My successor and his administration pushed me out of the group and ran as far away from my way of doing things as quickly as his legs could carry him. I can’t really complain because that’s how politics goes and I certainly did the same thing when I took over. Â The difference between then and now, though, is that I discarded things that didn’t work and found ways that did.
On the other hand, the new kids on the block have basically taken a timewarp back to 2006-07
First there was a controversy over the President threatening Executive Officers who support local SG candidates who “disagree with the ‘ASG vision'”. This kind of institutional arrogance is precisely what alienated campuses from UNCASG in the past and led to the withdrawals in the year before I was elected. How anyone thought it was a good idea is beyond my limited mental faculties to comprehend; in my world, if you’re going to have to fire someone… you just don’t hire them in the first place.
The UNCCH Carolina Review decided to make hay from the issue with a piece of their own of course. You might recall the folks at the Carolina Review are the self-proclaimed conservatives cited by the Pope Center in the Center’s hit piece on my tuition views last March.1
I can’t blame the Carolina Review for trying to boost their readership with a timely article on a manufactured controversy, but pegging it as a conservative issue struck me as amusing — once upon a time conservatives opposed non-local people getting involved in local affairs. Instead the Review encourages it, as long as the involvement coincides with their own political views.
The whole situation is a mess, and one that should have been avoided. When I originally wrote UNCASG’s Ethics Act 2.5 years ago, I included this provision:
§1-2.5. Electioneering Prohibited.
(a) No Executive Officer receiving compensation funded by student fees shall knowingly engage in election-related advocacy or other campaign activities on behalf of any candidate for elective office at a constituent member of the Association.
(b) No Executive Officer shall allow his or her name and/or official title to be used to further the candidacy of any candidate for elective office at a constituent member of the Association.
(c) This section shall not be construed to prevent an Executive Officer from filing for elective office at a constituent member of the Association and from campaigning on his or her own behalf.
The section was removed in committee, at the urging of students from… UNCCH.2
The folks at the Carolina Review have also been circulating a petition to have a referendum on UNCCH’s participation in ASG put on their Student Government ballot in an effort to have the University remove itself. As the guy who created N.C. State’s student fee referenda from scratch back when I was Student Senate President, I’m actually in total support of having this particular referendum… but (unsurprisingly) they haven’t yet collected enough signatures to get it on the ballot. If they did, it would deprive them of an issue to carp about
“But TDot,” you say, “all of the stuff you’re talking about is small potatoes. None of this matters when a group is doing meaningful work and making a difference.” And you’d be right — but that’s not what’s actually going on.

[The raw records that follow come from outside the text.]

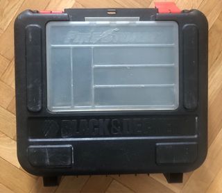 Maleta de almacenamiento de la marca Black&Decker. Ideal para guardar herramientas. Fabricado en plástico de alta resistencia. Roces externos ligeros por el uso. - Compartimentos interiores para organización. - Tapa transparente.
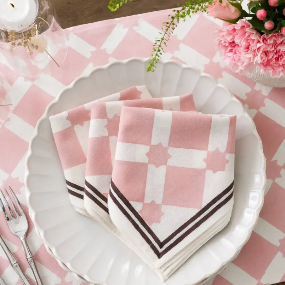 Our Latticework Blush Cloth Napkins were inspired by memories of falling in love. Crafted with care and attention to detail, each 100% cotton cloth napkin features a delicate lattice pattern that evokes charm and sophistication.
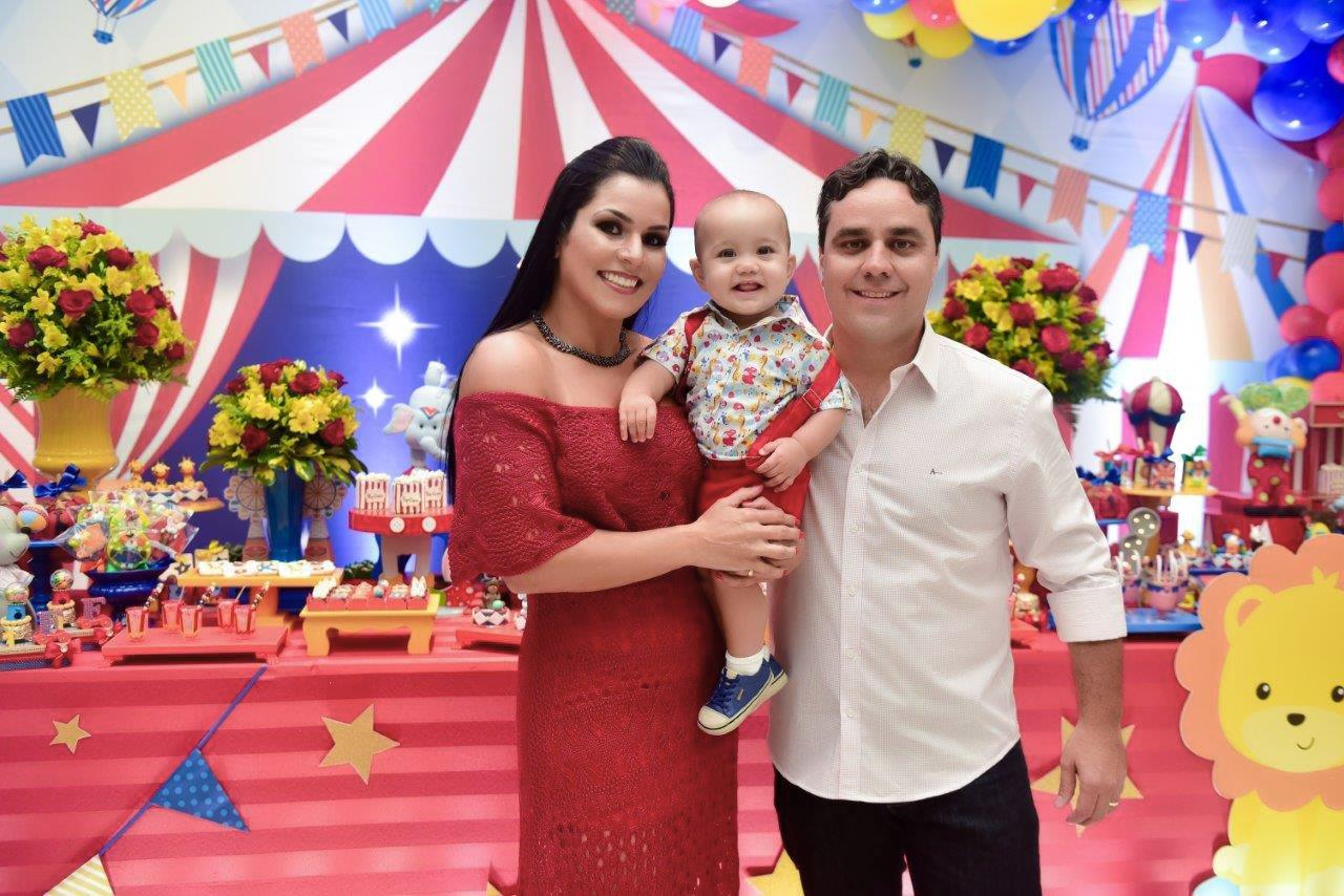 Os padrinhos de batismo Neto e Luciana, com seu filho Guilherme, foram prestigiar o aniversário de Flavinho.
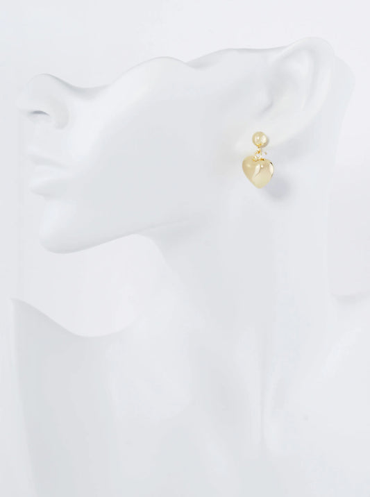 18K Gold Dipped Puffy Heart Drop Dangle Post Earrings
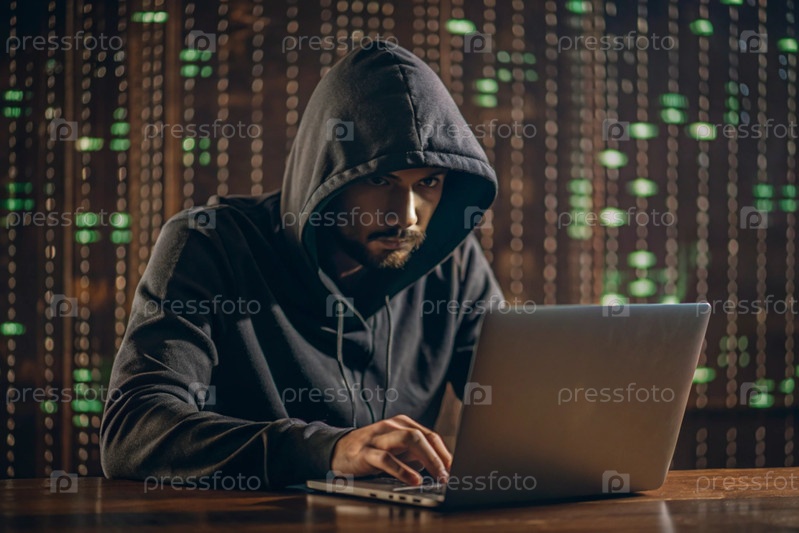 Хакер работает над ноутбуком, цифровыми кодами на виртуальном фоне. Взлом и защита онлайн-данных. Цифровые технологии, разработка программного обеспечения

Instead of focusing on the impending tuition battle I mentioned in Part I above, the leadership of UNCASG has focused instead on getting the President a vote on the university system’s Board of Governors — an utterly useless power on a Board where almost all votes are unanimous, and doubly useless when reaching out to the 215,000+ students the ASG President represents can carry more power than any vote. The last ASG meeting produced a total lack of consensus on a legislative agenda, leading to a factually-inaccurate DTH editorial touting a student vote as a good thing to try and fix the total dysfunction currently gripping the group.
The DTH (unsurprisingly) is wrong. Unfortunately the ASG leadership is wrong too.
Then there are the upcoming campus elections which will produce the next salvo of anti-ASG fireworks when new SBPs take office in a few months. Among the amusing candidacies is Rick Ingram, the odds-on favorite to become Student Body President at UNCCH. You might remember Ingram as the Kerry-esque flip-flopper who voted in favor of the UNCASG budget before he decided it would be more beneficial politically to oppose it. He’s been aggressively courting students for their votes — apparently so much so that the campus’s Board of Elections has already fined him for violating campaign rules and is now debating having him disqualified.3
Ingram also proclaimed on his website that “The simple truth is this — the days of fighting against tuition increases are over.”… an odd proclamation from a student and aspiring student leader in light of $1.2B+ in upcoming tuition hikes, and one which (1) the media (unsurprisingly) never covered and (2) promptly disappeared from his website when it became a political liability. Ingram’s victory would speak volumes about the UNCCH electorate, but more ominously it would ensure UNCASG wastes all of next year fighting pointless internal battles instead of serving students.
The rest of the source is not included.